Kainate Receptors Exhibit Differential Sensitivities to (S)-5-Iodowillardiine

  1. Geoffrey T. Swanson,
  2. Tim Green and
  3. Stephen F. Heinemann
  1. Molecular Neurobiology Laboratory, The Salk Institute, La Jolla, California 92037

    Abstract

    Characterization of the role of kainate receptors in excitatory synaptic transmission has been hampered by a lack of subtype-selective pharmacological agents. (S)-5-Iodowillardiine (IW), an analog of willardiine [(S)-1-(2-amino-2-carboxyethyl)pyrimidine-2,4-dione], a heterocyclic amino acid found in Acacia andMimosa seeds, was previously shown to be highly potent on native kainate receptors in dorsal root ganglion neurons. We examined the responses evoked by IW from recombinant homomeric and heteromeric kainate receptors expressed in human embryonic kidney 293 cells. IW potently elicited currents from glutamate receptor 5 (GluR5)-expressing cells, but showed no activity on homomeric GluR6 or GluR7 receptors. Co-expression of these receptor subunits with KA-2 subunits produced receptors that were weakly sensitive to IW. GluR5/KA-2 receptors had a higher EC50 value than homomeric GluR5 and exhibited a much faster recovery from desensitization.
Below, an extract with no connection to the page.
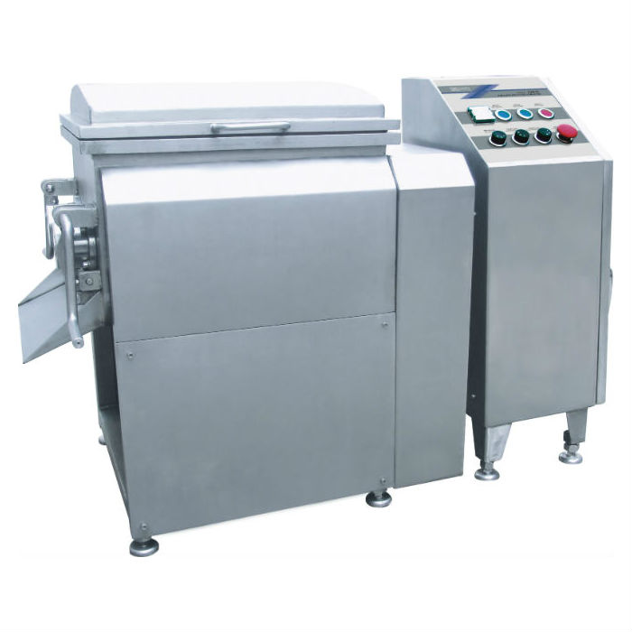 真空攪拌機是在原普通攪拌機的基礎(chǔ)上引進國際技術(shù)水平而改進的新型攪拌機。在真空的狀態(tài)下,物料被負(fù)壓后膨脹同時被槳葉進行徑向翻滾、軸向回流,完成混合均勻的攪拌功能,達(dá)到理想的攪拌效果,同時采用獨特的攪拌器,使拌出的肉餡纖維細(xì)化,并使肉纖維間的動物蛋白能游離析出,以保證肉餡拌和均勻并使之呈現(xiàn)蓬松狀態(tài),加入的調(diào)味汁液能充分吸收飽和,以保持餡料的松、鮮、嫩、口感味道優(yōu)異的特點。同時也是各類速凍水餃、包子、混沌等面食加工廠的理想設(shè)備。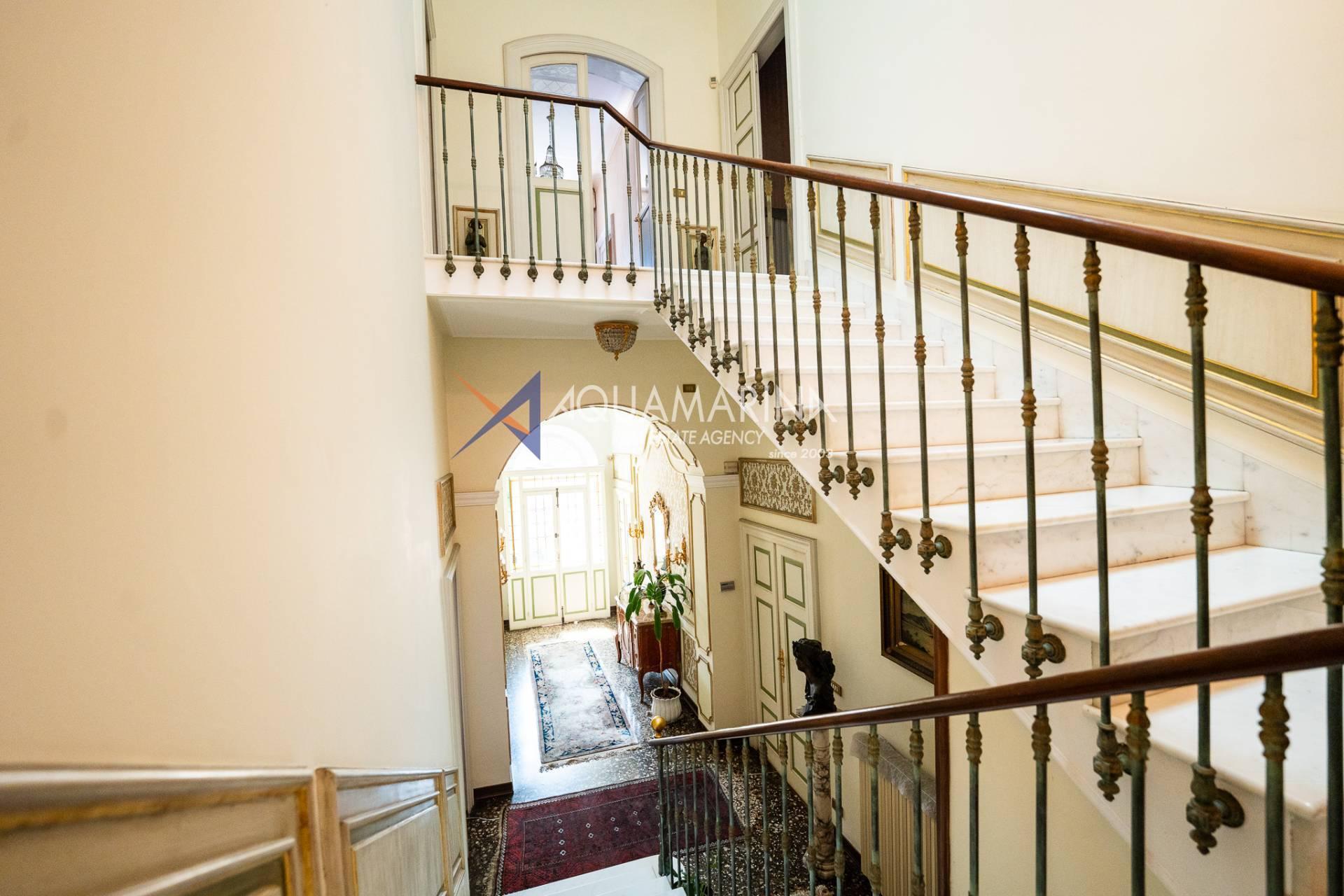 La villa si sviluppa su tre livelli collegati da un'elegante scala interna in marmo ottocentesca, con materiali dell'epoca che conferiscono un fascino e un lusso senza tempo. L'accesso avviene tramite cancello carraio su un terrazzo panoramico e botanico, che introduce all'ingresso principale con scala a vista con grande Lucernaio caratterizzato da vetro Cattedrale.

Finally, we found that the IW selectivity for GluR5 compared with GluR6 was determined by amino acid 721, which was previously shown to control α-amino-3-hydroxy-5-methyl-4-isoxazole-propionate sensitivity of these kainate receptor subunits. The pharmacological selectivity and commercial availability of IW suggests that this compound may be of use in characterizing the molecular constituents of native kainate receptor responses.

    Footnotes

    • Send reprint requests to: Dr. Geoffrey T. Swanson, Molecular Neurobiology Laboratory, The Salk Institute, 10010 North Torrey Pines Road, La Jolla, CA 92037. E-mail: swanson{at}salk.edu

    • This work was supported by an National Research Science Award fellowship (G.T.S.), a National Institute for Neurological Diseases and Stroke grant (S.F.H.), and a McKnight Endowment Fund for Neuroscience grant (S.F.H.).

    • Abbreviations:
      AMPA
      α-amino-3-hydroxy-5-methyl-4-isoxazole-propionate
      DRG
      dorsal root ganglion
      ATPA
      (R,S)-2-amino-3-(3-hydroxy-5-tert-butylisoxazol-4-yl)propanoic acid
      IW
      (S)-5-iodowillardiine
      HEK
      human embryonic kidney
      willardiine
      (S)-1-(2-amino-2-carboxyethyl)pyrimidine-2,4-dione
      HEPES
      4-(2-hydroxyethyl)-1-piperazineethanesulfonic acid
      NMDA
      N-methyl-d-aspartate
      EGTA
      ethylene glycol bis(β-aminoethyl ether)-N,N,N′,N′-tetraacetic acid
      GluR
      glutamate receptor
      • Received December 5, 1997.
      • Accepted January 29, 1998.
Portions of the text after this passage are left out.